他隔着浴巾用下面顶了顶我肚子,眼神示意我开自助餐。
我不顾廉耻没有尊严地去扯下凌柏风浴巾,他蓄势待发的阴茎抖动彰显雄风,我跪下来拨开他浓密的耻毛,射出粉嫩的舌头去舔龟头。
铃口迅速分泌晶液,我把液体舔掉,延着狰狞地筋脉舔舐茎身,在我唇口爱抚下阴茎又胀大几分,舔得差不多了就把阴茎送口里含住,太大要慢慢送进去,太长只进去一半就额头冒汗,真不知道自己的身体是怎么吃下这根巨龙柱。

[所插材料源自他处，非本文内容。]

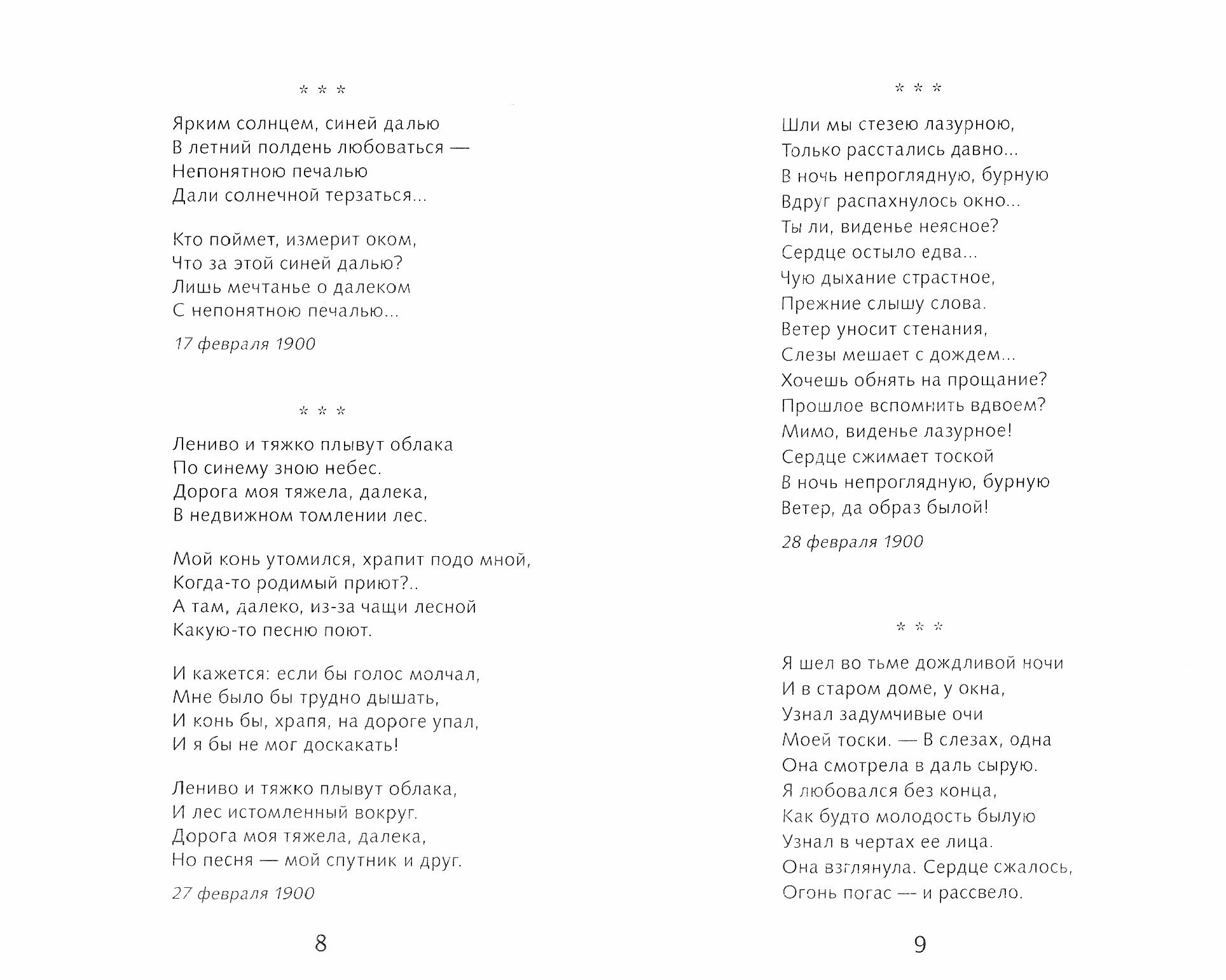 Александр Александрович Блок (1880-1921) сам подготавливал к изданию сборники своих стихотворений. Поэт делил свою лирику на три книги, каждая из которых включала определенные циклы. Поэтому в нашем сборнике вначале представлены стихотворения из этих трех книг, с сохранением структуры, предложенной самим автором в его последних прижизненных изданиях. Мы также указываем день, месяц и место создания произведения, как это делал поэт. Кроме того мы сохраняем авторскую орфографию и пунктуацию, о которых А. Блок писал редактору одного из изданий: "Всякая моя грамматическая оплошность в стихах не случайна, за ней скрывается то, чем я внутренне не могу пожертвовать; иначе говоря, мне так "поется"".

浮想联翩菊花一紧,我后穴也分泌出一些水分,但顾不上后边儿,我前面正卖力地吃着肉棒,砸吧吸吮舔弄,一顿销魂操作下来巨龙怒吼喷射,内射之后阴茎才从我嘴里退了出去。
凌柏风操的太用力,我嘴角都裂出血了。
他抱起我往浴室去,给浴缸放水满水。
“苏钦,上过你没?”凌柏风用花洒给我浇身体搓泡泡。
“没有。”我实话实说。
“那你喜欢他吗?”他又问。
“不喜欢。”这是实话。
谁有病,会喜欢强奸犯的儿子。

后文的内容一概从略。